Not much is gained from showing the entire implementation here, except for the fact that the initialization `tf_initialize`

as well as the body of the loop `tf_step`

call the `fn_x`

function once each, in `self.fn_x(x=x_init)`

and `self.fn_x(x=conjugate)`

respectively, which correspond to \(A x_0\) and \(A p_k\) appearing twice in the Wikipedia pseudo-code for the algorithm.

Next, the `OptimizedStep`

optimizer takes the estimated optimal step size and improvement of the `NaturalGradient`

optimizer and applies the iterative line search solver, which can also be found in the `tensorforce.core.optimizers.solvers`

sub-package. The basic principle of an iterative solver is the same and we skip over the concrete implementation code here.

### Optimizers as interchangeable configuration entries

Finally, the optimizer can be specified as part of the JSON agent configuration as follows, and in the case of the TRPO agent class is predefined as such:

```
"optimizer": {
"type": "optimized_step",
"optimizer": {
"type": "natural_gradient",
"learning_rate": 1e-3,
"cg_max_iterations": 20,
"cg_damping": 1e-3
},
"ls_max_iterations": 10,
"ls_accept_ratio": 0.9
}
```

To give another example, and illustrate how the new optimizer module can be changed in a few lines, here the corresponding JSON specification for the evolutionary optimizer:

```
"optimizer": {
"type": "evolutionary",
"learning_rate": 1e-2,
"num_samples": 5
}
```

## What’s next

The short-term architectural goal for TensorForce from here on is clear: push all the remaining pieces (memories, preprocessing) into the TensorFlow graph.

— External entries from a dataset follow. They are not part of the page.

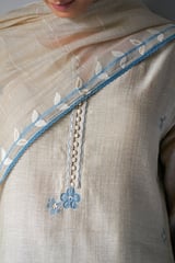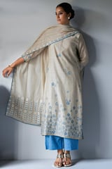 Beige and Light Blue Straight Kurta Suit Set with Dupatta
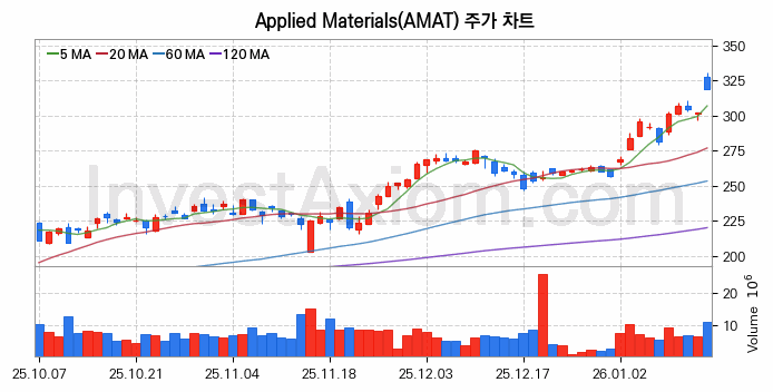 미국 주식 분석, Applied Materials (어플라이드 머티어리얼즈) 주가 차트 분석과 주식 기간 수익률 및 변동성 분석 (2026-01-15)
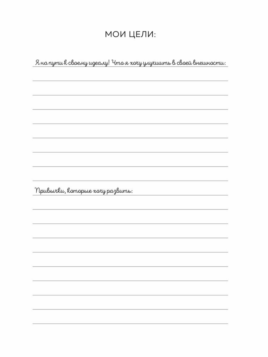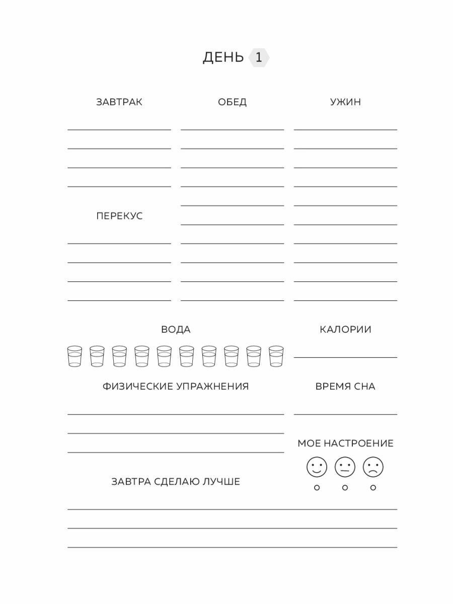 Этот дневник питания и упражнений станет настоящим помощником в достижении отличного самочувствия и красивой фигуры. А также будет мотивировать вас ставить правильные цели и достигать их. С ним вы сможете отслеживать правильность рациона, потребление воды, физическую активность, вес, сон и настроение.

The logical next step is to think about executing this graph more optimally according to the available hardware. We originally implemented A3C semantics via distributed TensorFlow and a shared-model multi-threaded runner.

Aside from the observation (e.g. noted by OpenAI in the ACKTR/A2C post) that it is unclear whether noise from asynchronous execution really improves training, version 0.4 will center on execution modes for GPU batching (inspired by GA3C/PAAC).